Samyōjana sind Bindungen im Wiedergeburtsprozess
1. Samyōjana (auch sanyōjana oder sanyoga) wird meist als „Fesseln“ übersetzt, was keine schlechte Übersetzung ist. Auch wenn der Begriff „Fessel“ heutzutage kein häufiges Wort ist, bedeutet es „eine Kette, die dazu dient, jemanden zurückzuhalten bzw. zu binden.“
- Dasa Samyōjana sind die zehn Ketten bzw. Fesseln, die einen an den Wiedergeburtsprozess binden. So ist man auf lange Sicht unvorstellbarem Leiden ausgeliefert.
2. Das Wort Samyōjana hat drei Wurzeln (san, yō und ja, die jeweils „Verunreinigung“, „binden“ und „Geburt“ bedeuten). Es kann entweder als sanyōjanā ausgesprochen werden oder, wie es bei vielen Wörtern mit „san“ üblich ist, als samyōjana.
- Daher bedeutet samyōjana „Bindungen, die an San binden und den Wiedergeburtsprozess erhalten“. Siehe Was ist „San“?.
- Wenn man diese Bindungen systematisch – in vier Stufen – durchbricht, macht man einen unumkehrbaren Fortschritt hin zu Nibbāna (Befreiung von allem Leiden).
Hauptursache ist das Verlangen
3. Die Saṃyojana Sutta (SN 41.1) sagt deutlich, dass San bzw. „Verlangen“(chanda rāga) beteiligt sein muss: “Evameva kho, Bhante, na cakkhu rūpānaṃ saṃyojanaṃ, na rūpā cakkhussa saṃyojanaṃ; yañca tattha tadubhayaṃ paṭicca uppajjāti chandarāgo taṃ tattha saṃyojanaṃ..“.

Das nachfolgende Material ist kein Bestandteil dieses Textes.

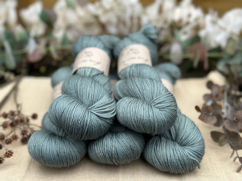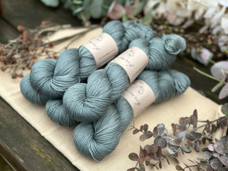 Hand dyed merino sport weight yarn in colourway Hyssop - a medium-toned stonewashed grey-teal.
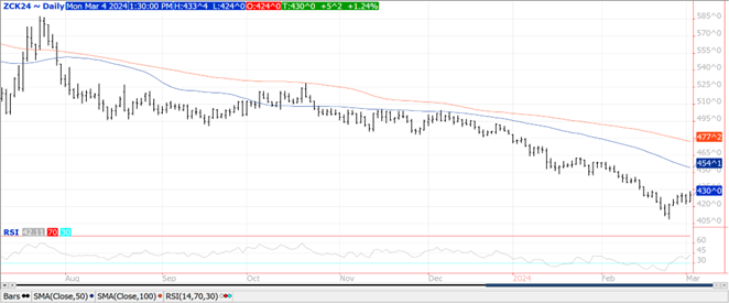 Prices firmed up in late trade closing $.04 – $.05 higher with old crop leading the recovery. May-24 briefly traded above LW high at $4.32 before backing off. The USDA announced the sale of 110k mmt of corn to Taiwan. Export inspections at 43 mil. bu. were in line with expectations. YTD inspections at 812 mil. bu. are up 35% from YA, vs. the USDA forecast of up 26%. Corn used in the production of ethanol in Jan-24 at just under 434 mil. bu. was below expectations and down 10% from Dec-23. In the first 5 months of the 23/24 MY usage is up 5.4% from YA, vs. the USDA forecast of up 4%. Money managers were buyers of just over 45k contracts of corn last week reducing their short position to 295k contracts. AgRural reports Brazil’s 2nd corn crop plantings have reached 86%, up from 73% LW. At the Commodity Classic on Fri. USDA Ag. Sec. Vilsack stated a final ruling on whether corn based ethanol will be eligible for tax credits in the production of SAF will be made in “week’s, not months”. A close above $4.32 this week in May-24 futures should give bulls increased confidence near-term lows are in.

Übersetzt: „Samyōjana entstehen nicht aufgrund der Augen, die nur Objekte (rupa) sehen, sondern aufgrund des Verlangens, was durch das Sehen entsteht.“
Verlagen sind wegen falscher Sichtweisen unkontrollierbar
4. Bevor man die Samyōjana überwinden kann, ist es notwendig, sich von den zehn Arten von Micchā Diṭṭhi zu befreien. Siehe Was ist das einzige Akusala, was ein Sotapanna entfernt hat?
- Diese essentielle Voraussetzung für den edlen Pfad, wurde vom Buddha in der Maha Chattarisaka Sutta (Diskurs über die Großen Vierzig) erörtert. Der Grund dafür ist, dass es keine Möglichkeit gibt, auf Nibbāna hinzuarbeiten, wenn man Kamma oder den Prozess der Wiedergeburt nicht versteht und Vertrauen darin hat.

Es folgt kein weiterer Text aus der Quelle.